#Python scripts to clean and prepare data for training custom Azure Cognitive Services models
This folder contains scripts to prepare and clean data for training a custom Russian Speech-To-Text model.
Russian_speech_to_text\01_Recovery_and_rename_data\01_recovery_unzip_in_place.py: unzips all small individual archives to workaround issue with damaged .zip files.
Russian_speech_to_text\01_Recovery_and_rename_data\02_recovery_move_rename.py: extract and copy all useful data (.wav + .txt) from individual folders.
Russian_speech_to_text\02_Cleaning_data\01_remove_empty_audio_train.py: remove all .wav files less than 3 seconds length and corresponding lines in label.txt.
Russian_speech_to_text\02_Cleaning_data\02_remove_empty_text.py: remove all empty lines from the text transcript and corresponding .wav files.
Russian_speech_to_text\02_Cleaning_data\03_replace_latin_symbols.py: replace/transliterate all Latin symbols to avoid errors during training.
Now the dataset is ready to upload and train the model.
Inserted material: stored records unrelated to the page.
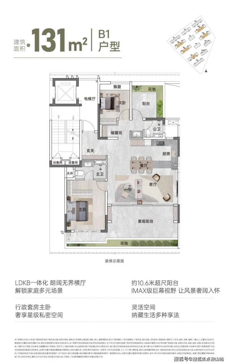【面积区间】建筑面积约110㎡、131㎡、143㎡、195㎡
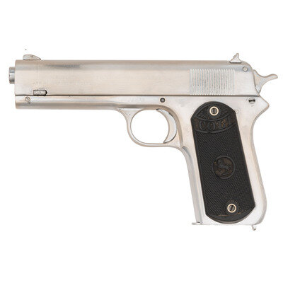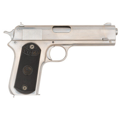 .38 ACP. 4.5" barrel length. SN: 22687. Nickel plated refinish overall mounting checkered black synthetic COLT logo grips with circled {Rampant Colts}. Short recoil operated single action autoloading pistol fed by detachable single stack magazines. Patent marks to slide read PATENTED/APR. 20. 1897. SEPT. 9. 1902. followed by two line address COLT'S PATENT FIRE ARMS MFG. CO./HARTFORD, CONN. U.S.A. with the circled {Rampant Colt} behind cocking serrations. Model mark to right slide reads AUTOMATIC COLT/CALIBRE 38 RIMLESS SMOKELESS. Standard Colt VP monogram proof to left trigger web. Magazine floorplate struck PKT./COLT/38 CAL.
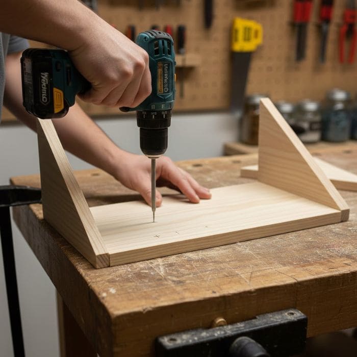 This part is important, because if you skip pilot holes, the wood can split, and a split base is a kitchen stand that will eventually wobble no matter how careful you are.

If testing model for the accuracy needed, use tools\split_train_test.py to randomly split the dataset into train and test.
Russian_speech_to_text\tools\extract_length.py: extract audio files length for reference.
Russian_speech_to_text\tools\find_latin_symbols.py: extract Latin symbols for reference.
Russian_speech_to_text\tools\split_train_test.py: split the dataset into train and test.
Russian_speech_to_text\tools\test_Speech2Text.py: test speech to text model (using custom model).
Russian_speech_to_text\tools\test_Text2Speech.py.py: test text to speech model (using general model).
This folder contains scripts to prepare and clean data for training 4 custom text translations models: Tr-En; En-Ru; Ru-En; En-Tr. Excel file with multiple or single sheet should be used as an input. Each sheet should contain data in the first three columns: 'Sentences_RU', 'Sentences_EN', 'Sentences_TR'.
Text_to_text\extract_clean_split_data.py: extract data from excel, clean and prepare aligned files for training and testing.
Text_to_text\tools\translate_fill_test_dataset.py: to improve the accuracy of the model it is essential to manually check custom translations, and add more data to the training dataset depending on results. This script will help to translate test data in all directions using general and custom models to test the model accuracy and find weak points. The Input structure is one-sheet excel file with three columns: 'Sentences_RU', 'Sentences_EN', 'Sentences_TR'; test file output from the extract_clean_split_data.py can be used for that.
Text_to_text\tools\test_translate.py: test text translations.
Text_to_text\tools\search_for_symbols.py: search for symbols [.;:] in text files, may be useful for prepare non-aligned files to avoid sentences splitting. Not necessary for aligned files.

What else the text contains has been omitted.